I resemble this remark; could you elaborate on just who you feel can be helpful to talk to?
I regularly check in with my manager about my performance and he's very forthcoming on it, yet I still don't believe I won't be found out and canned at any second and end up sick and homeless.
Ideally someone has already beaten you to the punch(Imposter Syndrome is literally item #1 when I take on engineers to mentor). Of my sample size of ~150 engineers across every level my success rate of having people say "Oh my god, I have that" is so far 100%.
More concretely though I would not look to anyone directly in your management chain for a variety of reasons. The best ways I've seen to address it is with a senior engineer or someone that you respect who's willing to take you on in a mentorship role. This should be something where you set aside time to talk through these types of issues(plus all the other wonderful inter-team stuff that comes up in development) over a 3-6mo period.
If you can't find that I will say this: I've found that it comes from a place of caring and giving a shit about wanting to carry your weight or be a part of something. I don't think it's possible to have a desire to improve yourself and not experience it on a regular basis.
The best way I've found to approach it is to recognize when it's happening, call it out directly and tell yourself that your brain is being an asshole in this specific instance. Something I've also seen work well for other people is to do a short list of the things that you work on each day. Review it at the end of the day and take an objective look at what you've accomplished, you'll often find that it's more than you 'felt' like you did.
Hope that gives you some direction. If you're finding you local resources lacking drop me a line at val at vvanders.com and see what I can do to help.
Talk with a therapist or even a life coach if you want to start there. That you notice these feelings and want to do something about them is a good thing. Talking with a professional is good because they can really narrow down what's happening and give you strategies and coping skills.
There are therapists who are well versed in imposter syndrome and help patients understand it and get better.
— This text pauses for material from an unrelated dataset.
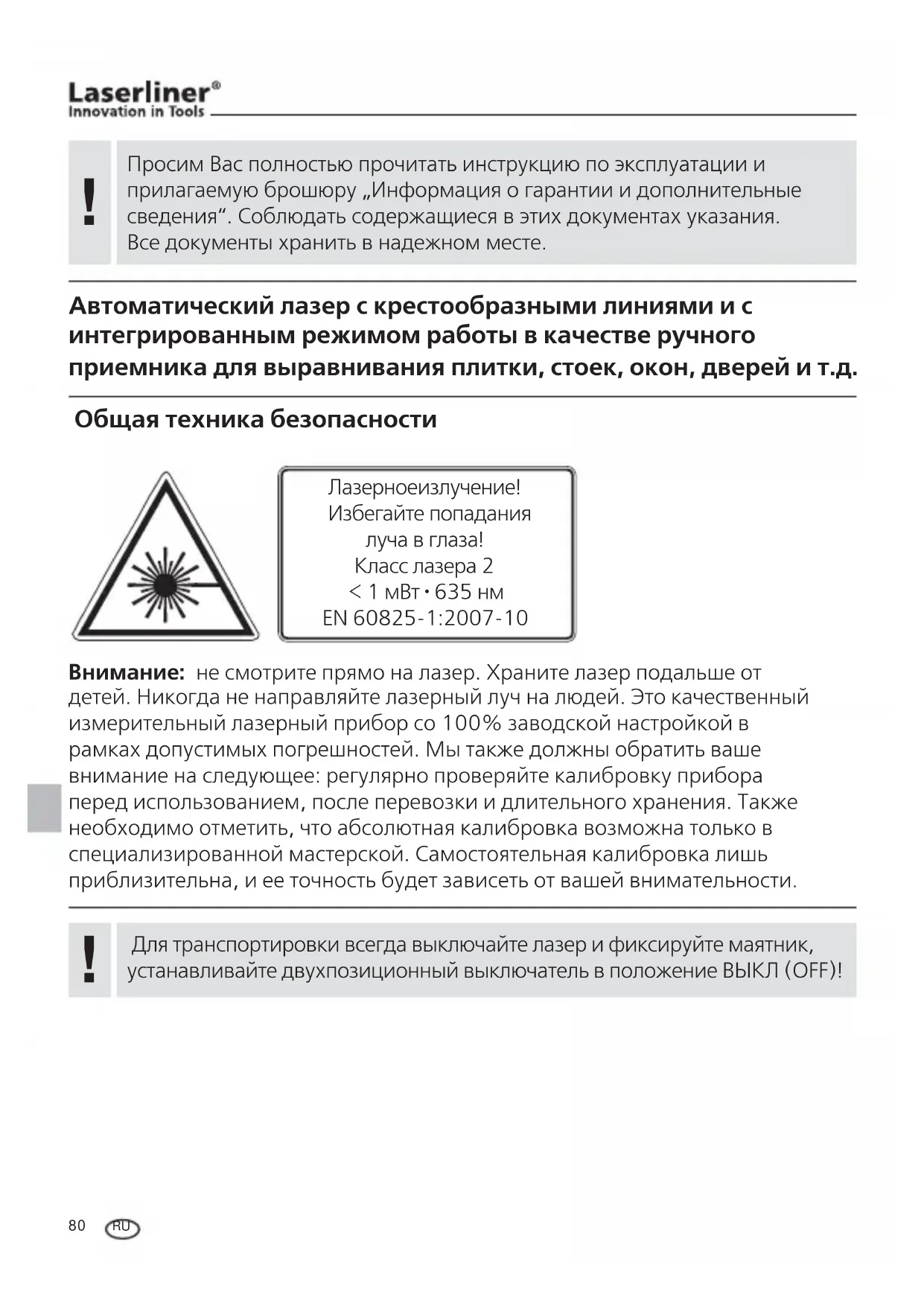 Автоматический лазер с крестообразными линиями и с интегрированным режимом работы в качестве ручного приемника для выравнивания плитки, стоек, окон, дверей и т.д. Общая техника безопасности Внимание: не смотрите прямо на лазер. Храните лазер подальше от детей. Никогда не направляйте лазерный луч на людей. Это качественный измерительный лазерный прибор со 100% заводской настройкой в рамках допустимых погрешностей. Мы также должны обратить ваше внимание на следующее: регулярно проверяйте калибровку прибора перед использованием, после перевозки и длительного хранения. Также необходимо отметить, что абсолютная калибровка возможна только в специализированной мастерской. Самостоятельная калибровка лишь приблизительна, и ее точность будет зависеть от вашей внимательности. Лазерное излучение! Избегайте попадания луча в глаза! Класс лазера 2 < 1 мВт · 635 нм EN 60825-1:2007-10 Для транспортировки всегда выключайте лазер и фиксируйте маятник, устанавливайте двухпозиционный выключатель в положение ВЫКЛ (OFF)!

There are also podcasts if you want to take a self help approach first. I mean it's free. I would look for licensed therapists who apply a CBT oriented approach.
For imposter syndrome you have to assess at the evidence you are not capable or otherwise a fraud. Is there anyone else at your work that you feel is an imposter? No probably not. Are you as capable as the average employee at your work? Yes! You have performance reviews as evidence that you are good! What would you advise a friend who came to you expressing that they felt the same way? Would you say they are most definitely an imposter? What is an imposter anyway? How would an imposter be hired in the first place? Recognize that these automatic thoughts are triggering your amygdala and activating the nervous systems fight or flight response.
Also, there's quotes from Richard Branson along the line that if you meet 70% of the job requirements you are qualified to take the job and you should just learn the rest of it on the job.
And remember that even in the worse case, if you are fired, fired! There are still companies and jobs/roles where you are or can be a superstar. You see this all the time in business.
A therapist. No joke. In my case it _seems to be_ a coping mechanism for anxiety. I'm so afraid that I force myself to be successful. It goes under the radar because it's seen as healthy to the outside world, but inside is turmoil.
It was put best to me: Don't tell the dog it's not a chicken, we need the eggs.
I regularly check in with my manager about my performance and he's very forthcoming on it, yet I still don't believe I won't be found out and canned at any second and end up sick and homeless.